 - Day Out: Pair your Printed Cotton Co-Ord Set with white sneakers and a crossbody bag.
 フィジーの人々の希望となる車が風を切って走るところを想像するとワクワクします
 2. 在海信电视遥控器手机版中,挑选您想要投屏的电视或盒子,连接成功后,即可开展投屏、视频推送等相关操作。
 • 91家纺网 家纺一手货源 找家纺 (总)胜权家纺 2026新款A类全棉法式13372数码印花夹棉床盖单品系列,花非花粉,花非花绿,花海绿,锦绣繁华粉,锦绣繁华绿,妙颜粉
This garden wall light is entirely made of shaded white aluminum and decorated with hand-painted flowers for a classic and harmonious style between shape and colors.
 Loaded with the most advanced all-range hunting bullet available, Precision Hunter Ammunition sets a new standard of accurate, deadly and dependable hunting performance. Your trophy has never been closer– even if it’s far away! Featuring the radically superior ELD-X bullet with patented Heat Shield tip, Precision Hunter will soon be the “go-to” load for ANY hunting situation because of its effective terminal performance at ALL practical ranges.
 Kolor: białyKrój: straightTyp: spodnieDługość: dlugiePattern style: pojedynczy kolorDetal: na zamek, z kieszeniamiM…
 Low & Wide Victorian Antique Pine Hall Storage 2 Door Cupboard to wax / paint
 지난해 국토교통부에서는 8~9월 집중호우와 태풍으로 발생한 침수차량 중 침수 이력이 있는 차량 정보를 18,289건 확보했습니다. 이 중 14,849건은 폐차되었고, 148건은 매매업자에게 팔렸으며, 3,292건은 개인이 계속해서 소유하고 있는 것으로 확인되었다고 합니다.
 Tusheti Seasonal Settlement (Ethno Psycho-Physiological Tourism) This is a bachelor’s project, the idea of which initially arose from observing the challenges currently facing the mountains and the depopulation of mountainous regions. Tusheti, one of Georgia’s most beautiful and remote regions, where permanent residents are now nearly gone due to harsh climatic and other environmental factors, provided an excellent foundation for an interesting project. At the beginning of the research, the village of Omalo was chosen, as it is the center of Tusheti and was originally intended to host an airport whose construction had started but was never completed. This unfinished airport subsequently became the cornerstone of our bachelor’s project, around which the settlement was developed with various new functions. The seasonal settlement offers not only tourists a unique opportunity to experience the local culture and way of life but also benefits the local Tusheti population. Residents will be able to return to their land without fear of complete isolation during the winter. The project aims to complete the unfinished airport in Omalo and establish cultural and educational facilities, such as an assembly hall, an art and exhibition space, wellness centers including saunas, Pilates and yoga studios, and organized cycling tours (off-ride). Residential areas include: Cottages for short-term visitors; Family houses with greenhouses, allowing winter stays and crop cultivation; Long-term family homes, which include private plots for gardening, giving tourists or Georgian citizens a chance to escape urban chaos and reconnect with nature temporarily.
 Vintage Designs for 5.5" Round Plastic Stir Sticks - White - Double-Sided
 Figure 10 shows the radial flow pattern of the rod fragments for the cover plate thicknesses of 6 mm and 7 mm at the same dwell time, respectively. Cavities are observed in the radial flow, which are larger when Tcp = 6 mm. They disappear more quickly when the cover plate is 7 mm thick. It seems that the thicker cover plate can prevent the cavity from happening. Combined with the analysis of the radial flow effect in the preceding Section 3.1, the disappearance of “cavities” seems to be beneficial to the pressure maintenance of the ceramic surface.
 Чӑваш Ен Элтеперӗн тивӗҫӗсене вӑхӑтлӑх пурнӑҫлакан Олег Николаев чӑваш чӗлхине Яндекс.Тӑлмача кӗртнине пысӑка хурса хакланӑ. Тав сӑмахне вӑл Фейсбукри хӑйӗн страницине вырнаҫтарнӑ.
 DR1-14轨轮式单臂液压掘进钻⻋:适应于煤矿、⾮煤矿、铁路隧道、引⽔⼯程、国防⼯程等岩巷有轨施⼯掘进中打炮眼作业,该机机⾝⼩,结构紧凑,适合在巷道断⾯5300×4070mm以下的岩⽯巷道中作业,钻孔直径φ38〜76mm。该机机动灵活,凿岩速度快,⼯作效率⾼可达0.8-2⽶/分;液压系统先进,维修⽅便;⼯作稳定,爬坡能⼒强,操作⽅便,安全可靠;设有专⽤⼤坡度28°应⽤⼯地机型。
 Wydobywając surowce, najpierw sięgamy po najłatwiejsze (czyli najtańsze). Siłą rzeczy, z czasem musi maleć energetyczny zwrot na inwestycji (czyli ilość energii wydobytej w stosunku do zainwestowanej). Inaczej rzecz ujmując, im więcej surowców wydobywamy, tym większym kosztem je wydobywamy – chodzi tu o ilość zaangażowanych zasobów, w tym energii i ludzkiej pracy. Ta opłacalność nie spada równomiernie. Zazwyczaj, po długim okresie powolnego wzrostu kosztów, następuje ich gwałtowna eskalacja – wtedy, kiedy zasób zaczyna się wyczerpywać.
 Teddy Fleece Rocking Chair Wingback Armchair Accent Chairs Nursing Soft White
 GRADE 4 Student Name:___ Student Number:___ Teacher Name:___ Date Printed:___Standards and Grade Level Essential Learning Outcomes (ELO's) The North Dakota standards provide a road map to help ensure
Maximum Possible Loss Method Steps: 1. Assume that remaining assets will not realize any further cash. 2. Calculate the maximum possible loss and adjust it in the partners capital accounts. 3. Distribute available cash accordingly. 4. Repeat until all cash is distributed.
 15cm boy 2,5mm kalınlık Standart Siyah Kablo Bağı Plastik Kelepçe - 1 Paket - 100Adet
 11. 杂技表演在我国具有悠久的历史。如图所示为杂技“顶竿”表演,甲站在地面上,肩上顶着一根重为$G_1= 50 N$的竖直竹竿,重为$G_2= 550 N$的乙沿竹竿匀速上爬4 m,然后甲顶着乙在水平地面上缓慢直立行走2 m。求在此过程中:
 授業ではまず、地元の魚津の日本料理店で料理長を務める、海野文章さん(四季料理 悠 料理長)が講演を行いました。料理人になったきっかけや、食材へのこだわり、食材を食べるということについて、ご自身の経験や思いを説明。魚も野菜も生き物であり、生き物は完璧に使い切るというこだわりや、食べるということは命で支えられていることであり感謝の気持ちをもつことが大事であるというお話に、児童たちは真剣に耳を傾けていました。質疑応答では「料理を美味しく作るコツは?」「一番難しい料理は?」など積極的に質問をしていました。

§ PROBLEM STATEMENT
Counting only lines that contain the word "style", give the number found in the data, and nothing else.

§ ANSWER FOR THIS EXERCISE
2